It wasn't going to be much of use or importance to him, but I didn't see any reason why I had to do nothing about this act of sincerity. I brought the paper and the several pencils I had purchased with Rufus' money, and I sat down against a building, in a shallow, shady alley where I could be alone in the barren solstice and quiet; where my mind could wander the endless paths of my brain and decide what to be written on the now empty lines of the clean, fresh white paper.
It was lovers month, and if anything, all I wanted...Was to make Rufus' heart soar, aching with romance that would become the warrior to defend him from any and all spouts of lonliness and despair. A blanket of roses, a wave of love...A song. His song.
The pencil scratched along the paper's surface, not coming out as neatly as I had originally hoped, but I was happy enough indeed to get something down. Something that, wasn't utterly corny or stupid, just...simply put. Easy to understand, and likable. Better yet, I had always dreamed of writing a beautiful song with wonderous lyrics to charm the person I loved on this day of bleeding hearts and over-rated romance. My taxi of opportunity had finally arrived, stopping to pick me up and travelling fast down the road of joy mixed with mild nervousness. I was on my way, as I scanned my eyes over the first several lines of lyrics...I was surprised at how my raw feeling was shining through, and I was pleased. I just wondered about Rufus' thoughts...

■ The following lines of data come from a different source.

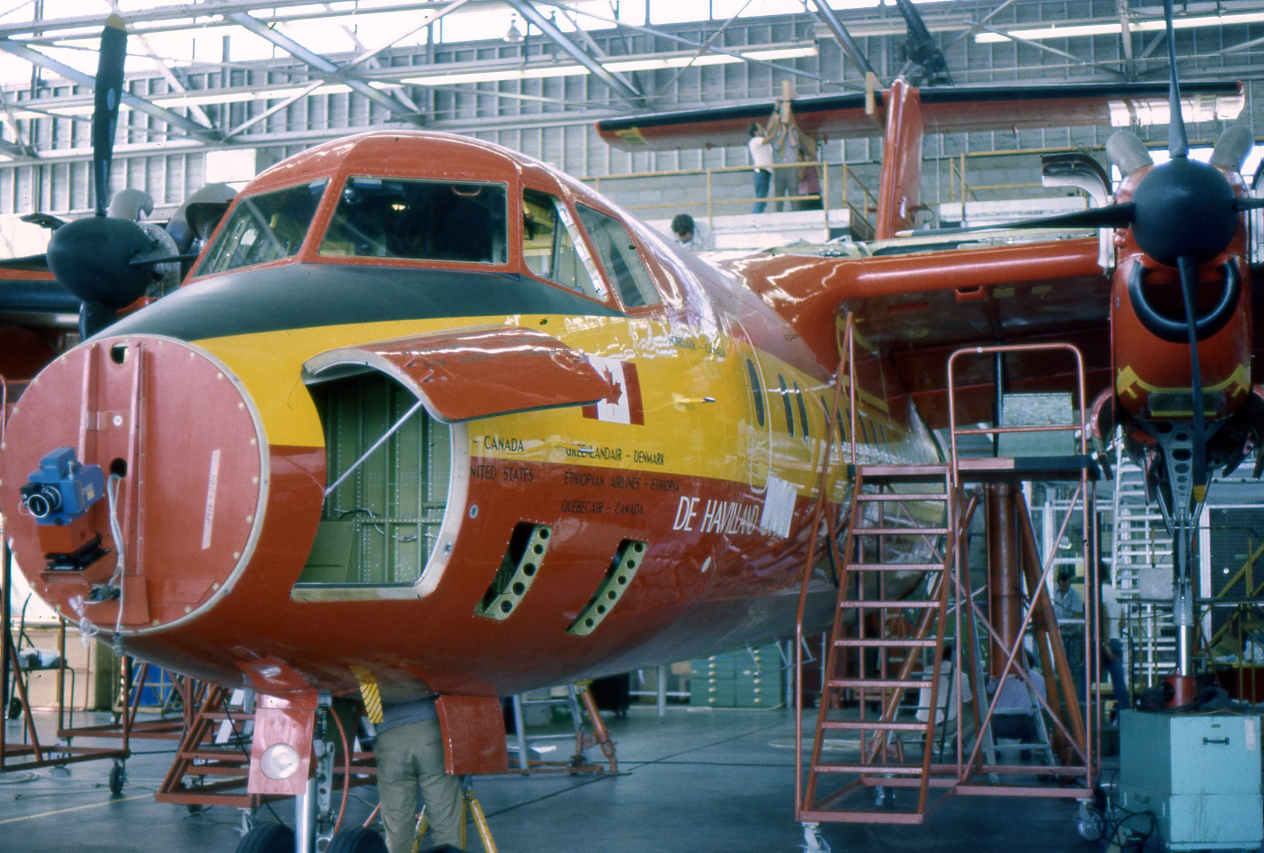 Canada, Downsview. de Havilland Canada Dash 7 C-GNBX-X, taken at Downsview de Havilland Canada plant in August 1975. The plane was one of the prototypes, as the “X” appear at the end of the tail number, employed for test flights.
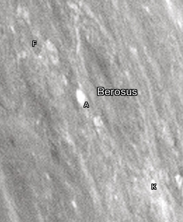 Berosus lunar crater as seen from Earth with satellite craters labeled
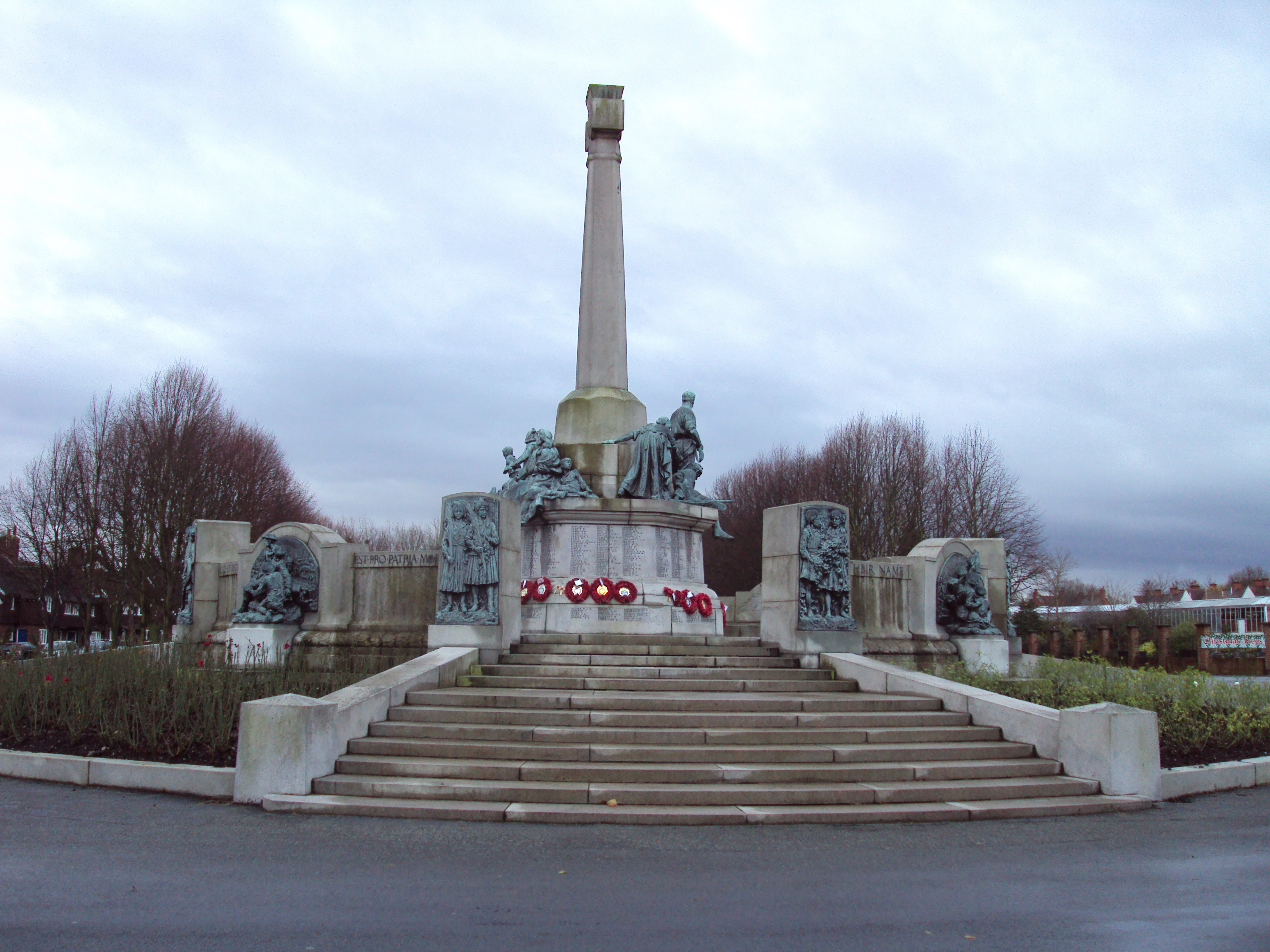 Port Sunlight War Memorial, Wirral, England.
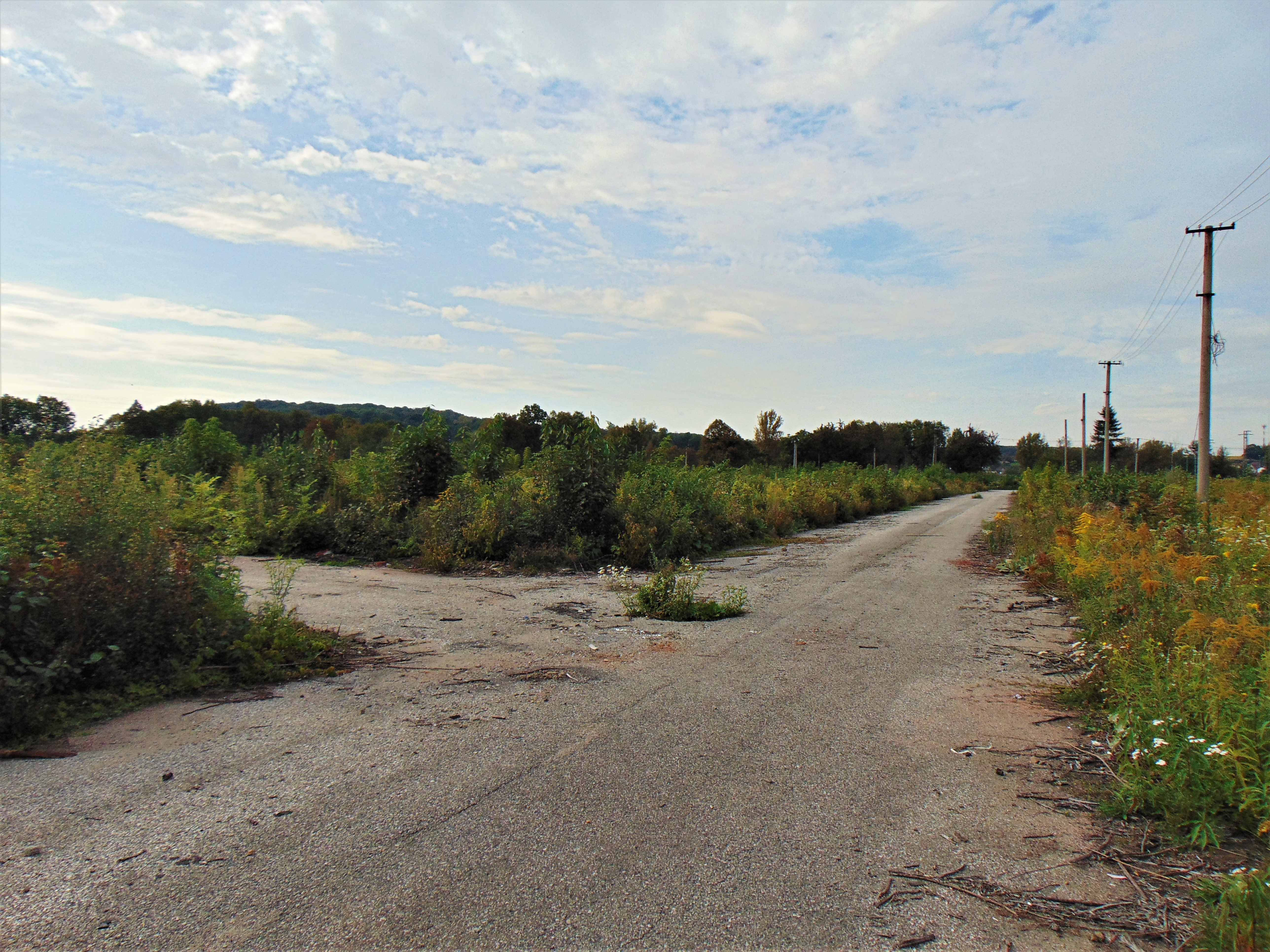 The intersection of former streets Šimonova and Pechalova in Hrušov, the almost abandonend part of Ostrava.

I sat on the roof, and kicked off the moss,
Well a few of the verses, they've got me quite cross.
But the sun's been quite kind, while I wrote this song.
It's for people like you that,
Keep it turned on.
What was he thinking of at this precise moment in time? Where was he, and how was he feeling? I wondered, as my hand wrote more words briskly across the paper, if he was thinking of me, feeling lovestruck and not wanting to be just where he was. I wondered if he was infected by the same symptoms as myself.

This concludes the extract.